Работал в Колумбийском университете (1958–1971), Университете Мак-Гила (1971–1976), Бингемтонском (1976–1999) и Йельском (с 2000) университетах.
Автор многочисленных работ, таких как ещё не завершённый пятитомный «Современный мир-система» (начат в 1974), «После либерализма» (1995) и др.
В своих исследованиях продолжает традицию марксистской социологии и политэкономии, а также теоретического наследия школы «анналов». Созданный им мир-системный подход составил новую страницу в понимании капитализма и его спутника в течение последних двухсот лет – либерализма.
Идейно-теоретические основания мир-системного подхода
Для понимания сущности мир-системного подхода И. Валлерстайна необходимо изучить историю его возникновения.
На наш взгляд, своим возникновением в 60–70-е гг. XX столетия мир-системное учение обязано двум обстоятельствам. Во-первых, как любая масштабная концепция, это ответ наактуальные мировые тенденции того времени: глобализацию мировых процессов и вместе с тем неслыханный до той поры разрыв в уровне жизни между рядом благополучных стран Европы и Северной Америки.
Во-вторых, это часть идейно-теоретических поисков, отразивших парадоксальное состояние социальной науки 1960-х гг. Парадокс заключался в том, что появилось огромное количество новых инструментов социального анализа, однако это не вызвало появления новых масштабных социальных концепций, которые не только объясняли бы современные им тенденции, но и были бы прочно фундированы в историческом, методологическом и, наконец, мировоззренческом отношениях. По сути, имея мощную эмпирическую базу [1], наука не сумела выдвинуть всеобъемлющие социальные теории, подобные социально-экономическому учению Маркса, социокультурному учению Данилевского – Шпенглера или хотя бы социально-психологической теории Лебона – Фрейда.

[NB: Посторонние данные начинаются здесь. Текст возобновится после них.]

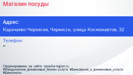 Магазин посуды по адресу Карачаево-Черкесия, Черкесск, улица Космонавтов, 32 в дальнейшем Организация, размещена в следующих категориях: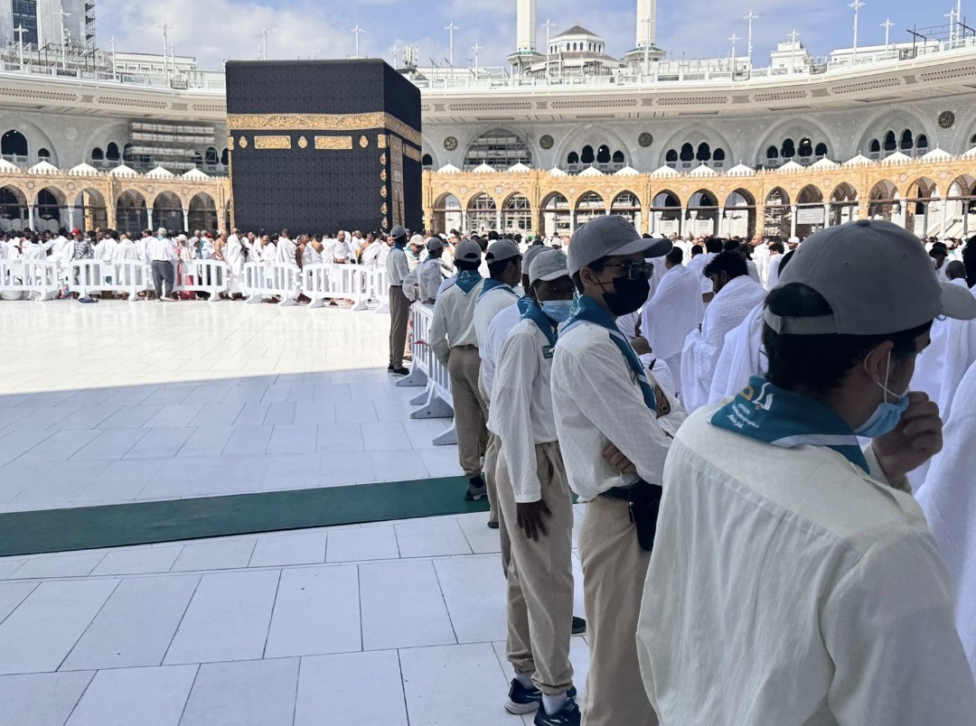 شارك اليوم الجمعة 1446/8/1 أكثر من 80 طالب وطالبة من فتيان وفتيات كشافة إدارة تعليم منطقة مكة المكرمة، في تقديم خدماتها الكشفية التطوعية والإنسانية للمصلين والمعتمرين وضيوف بيت الله الحرام قبل وأثناء وبعد صلاة الجمعة بحضور وإشراف قادة وقائدات الفرق الكشفية بعدد من مدارس مكة المكرمة للمرحلة الثانوية التعليمية “بنين” و “بنات” بإشراف ومتابعة من رئيس النشاط الكشفي بتعليم مكة الأستاذ زياد بن حسن قدير وبحضور كذلك المشرفة التربوية والقائدة الكشفية بتعليم مكة الاستاذة عبير بن عبيد الغريبي .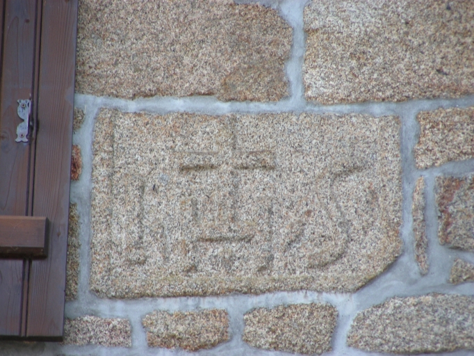Monogramme du Christ sculpté sur la façade du manoirImmatriculation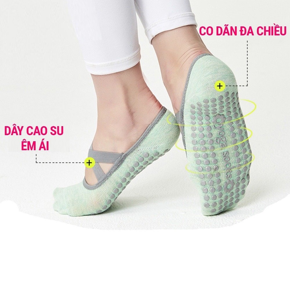 Tất ,Vớ Chân Yoga, tập yoga pilates barre quai chéo chống trượt cao cấp kín ngón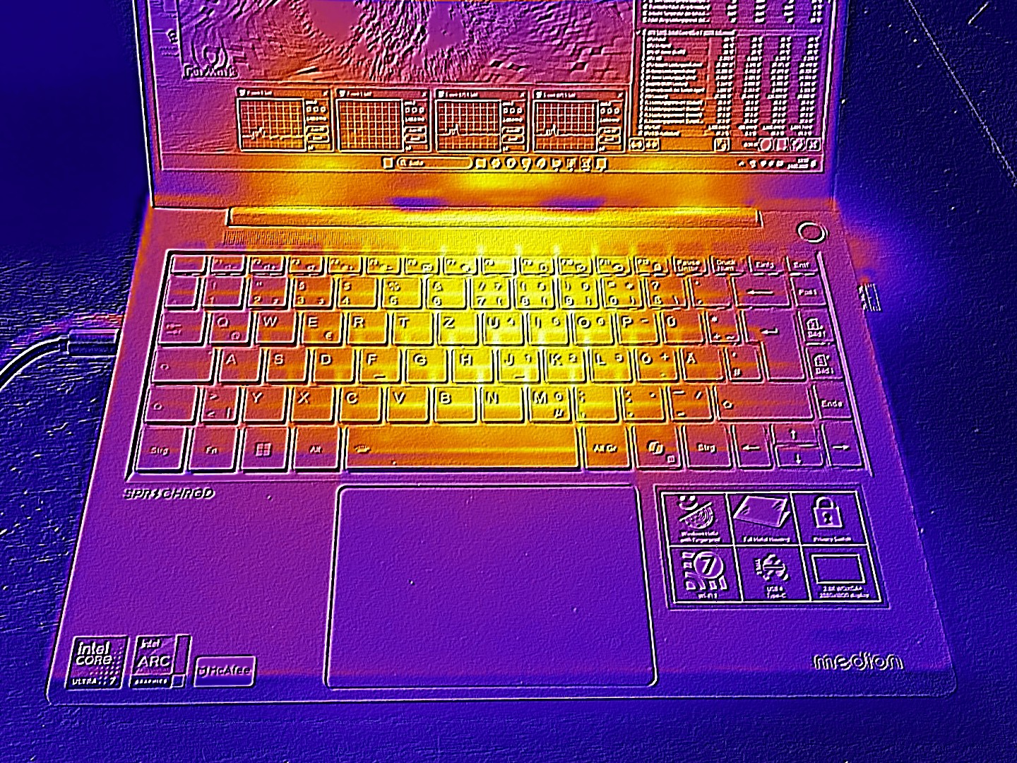 (+) Die Handballen und der Touchpad-Bereich sind mit gemessenen 31 °C kühler als die typische Hauttemperatur und fühlen sich dadurch kühl an.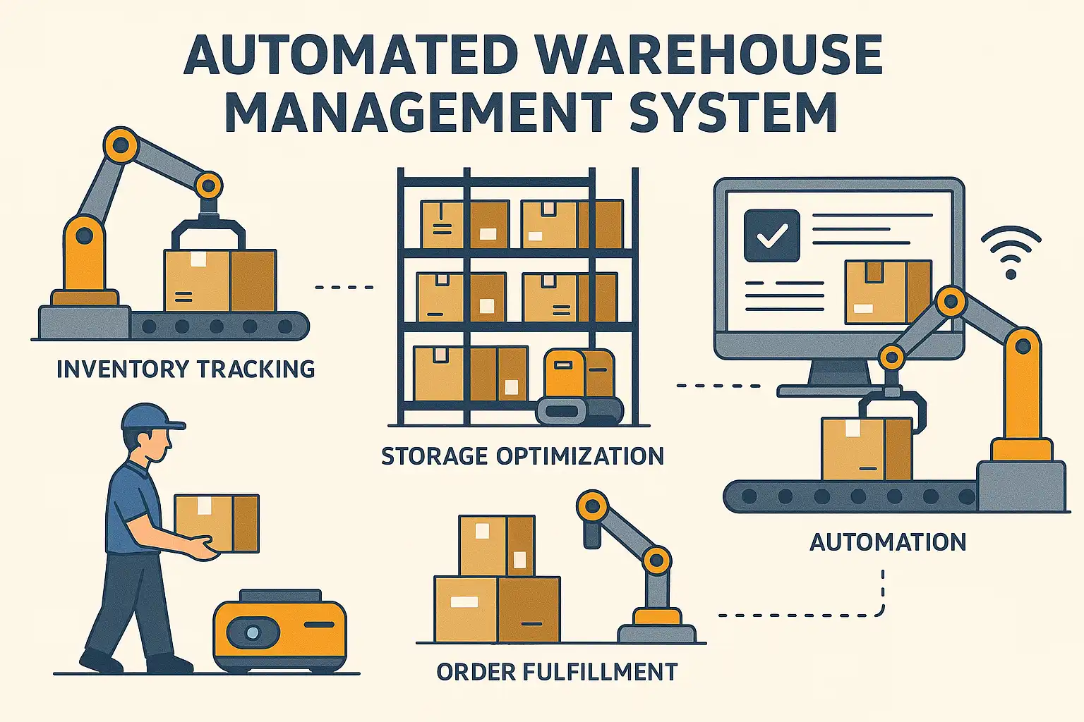 自动化仓库管理系统(WMS)通过集成条码扫描、RFID技术和智能软件,实现库存实时追踪和管理。其核心作用包括: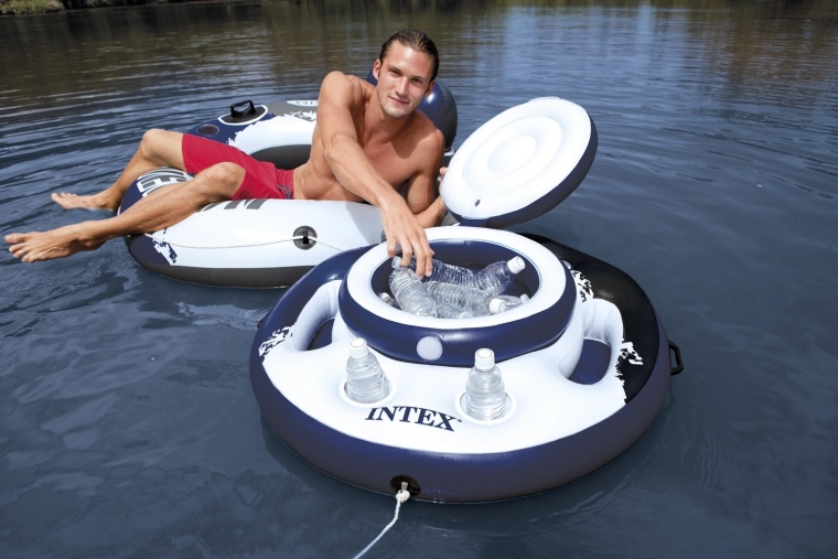La ghiacciaia galleggiante INTEX trasforma piscina, lago o fiume in un'oasi di relax. Il capiente vano centrale con coperchio accoglie ghiaccio e bottiglie, mentre cinque portabicchieri integrati tengono lattine e bicchieri sempre a portata. La struttura stabile in PVC rinforzato e le tre camere d'aria separate garantiscono navigazione sicura e lunga durata.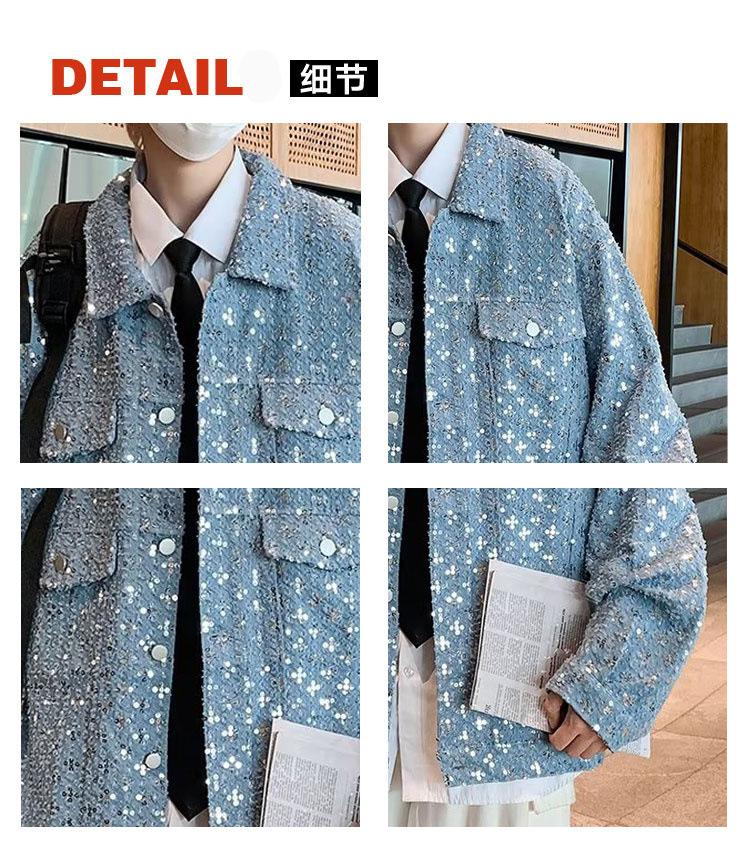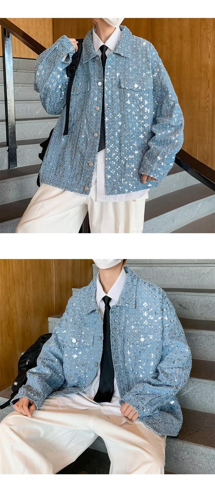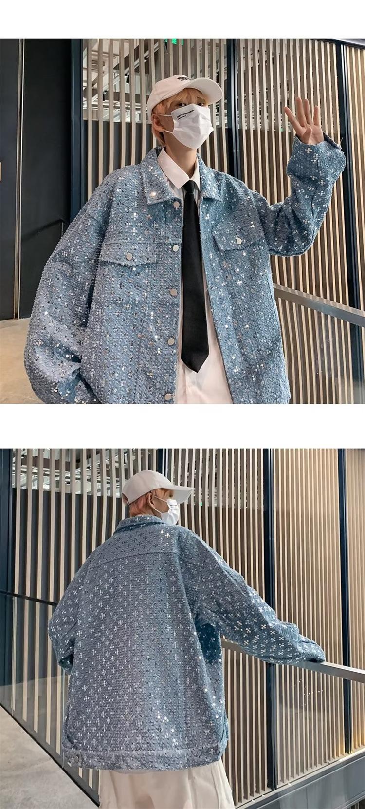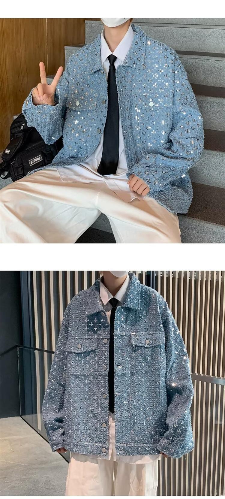 Chaqueta vaquera con lentejuelas estilo Hong Kong para hombre, estilo coreano, de primavera, moderna, holgada, combinable, elegante, estilo urbano, tipo cárdigan.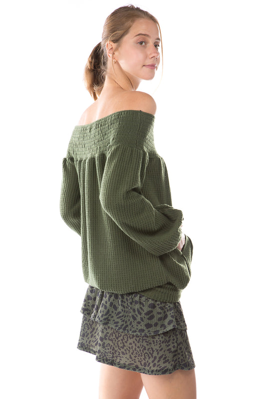 ALIA OFF SHOULDER TOP (BRUSH OLIVE)-VT2792

Мир-системный подход стал одной из попыток создания новой крупной идейно-теоретической системы (и в определённой степени ему это удалось). В конечном итоге, мир-системную парадигму составили три основных элемента:
1. История. Мир-системный подход – беспрецедентная по степени подробности попытка проанализировать историю и сущность капитализма от его истоков до наших дней.
2. Экономика. Рассматриваемый подход отличает материалистичность, первостепенное внимание к экономике. Методологической базой для анализа экономических процессов при капитализме послужили переработанные идеи марксизма [2].
3. Теории развития сложноорганизованных структур (школа циклизма, общая теория систем и синергетика). Инновационные общенаучные теории дали мир-системному учению ультрасовременный понятийный и познавательный аппарат [3].
В конечном итоге, мир-системный подход стал влиятельной социально-экономической, исторической и политологической моделью с неожиданно высокой объяснительной способностью. Множество явлений социальной жизни его главный классик И. Валлерстайн объясняет в новом ключе, отличном от ставших общепринятыми версий событий. В частности, это касается его концепции либерализма: кардинально разрывая с большинством существующих воззрений на историю этого политического учения, автору удалось на новой основе провести историко-ретроспективный анализ либерализма.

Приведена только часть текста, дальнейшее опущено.